Marshall legend Robin Lipscombe downs tools after 53 years

For many, last Friday marked the end of an ordinary working week. For Robin Lipscombe, it marked the end of a long and celebrated career of service that changed thousands of young lives.

Only a few people can express their impact on the world in concrete figures, and Robin is one of them - though he is far too modest to ever do so. By the time he clocked out of Marshall’s training workshop on 10 May, 2024, he had racked up 53 years of service, trained 1,400 people, received one MBE, and had one Marshall facility named after him.

Robin joined Marshall in 1971, and made a mark almost immediately when he won the City & Guilds National Award for Vehicle Building Craft Work during his third year as an apprentice. After graduating, he transitioned into a production planner role before being invited to join the training team, where he passed on his exceptional technical hand skills to the next generation for four decades.
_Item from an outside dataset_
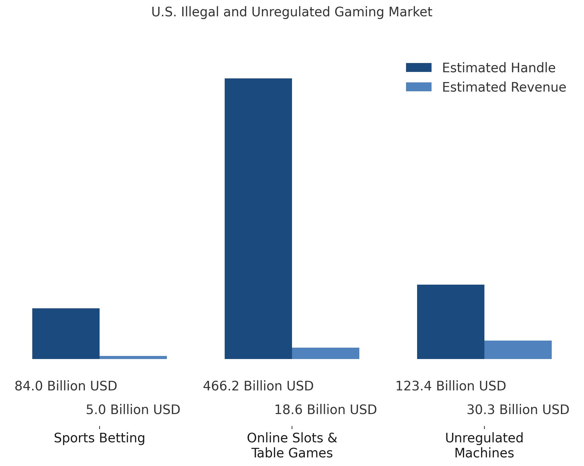 Market growth has been fuelled by a spike in illegal iGaming, the spread of unregulated “skill” machines, and ongoing offshore sports betting. While legal sports betting has gained ground, illegal operators continue to capture a third of the US market. The illegal market has grown 22% since 2022.

On paper, Robin’s job as a trainer may have been to ensure that new apprentices picked up the key hand skills that would form the foundation for their technical careers. In reality, the role Robin played in preparing inexperienced young people for the world of work was, while perhaps less immediately obvious, no less important. For most Marshall apprentices, Robin’s workshop would be the first port of call directly after leaving of a school environment, and the process of adjusting to the routines, responsibilities and soft skills of the working world was not always straightforward.

Unsurprisingly, there is no shortage of former apprentices - many still with Marshall - who credit Robin for their personal growth during this formative stage in their careers. It is also unsurprising that in 2023 Robin was recognised in the King’s Birthday Honours List, receiving an MBE for his exceptional impact on the community by providing thousands of young engineers and technicians with the solid foundations necessary for successful careers.

In honour of Robin's achievements, Marshall organised a retirement celebration and farewell in the Lipscombe Mascall Workshop - a facility named in Robin’s honour when it opened last year. Colleagues and apprentices, both past and present, shared fond memories of Robin, extending their best wishes and expressing gratitude for his profound impact on their careers.

“Working alongside a legend like Robin been an absolute honour and privilege for all of us,” said Dan Edwards, General Manager for Marshall’s skills academy.

“It’s rare to find someone who dedicates their entire career to one employer, and we’re incredibly proud that Robin chose to do so with us at Marshall.”

Many of the day’s stories and memories about Robin centred around his teaching partnership with Keirron Mascall, a retired colleague of over four decades. Robin and Keirron were well known for their “good cop/bad cop” dynamic, especially when it came to their high standards for apprentice work. In some cases, one or the other would cut subpar work to pieces with a bandsaw - a seemingly harsh gesture that nonetheless proved to be an effective teaching method.

Even now, “cutting up” is fondly remembered by former Marshall apprentices, many of whom still preserve their surviving works as trophies in attics and storage rooms across the country.

“We have always tried to give our apprentices the best support and training that we possibly can here at Marshall,” said Robin at last week’s event.

“We always try to ensure that our young people don’t just come out of training having gained the right skills to succeed, but that along the way they emerge a better person.”

“I am very proud of the many years that I have been with Marshall and I am truly grateful for this wonderful send off.”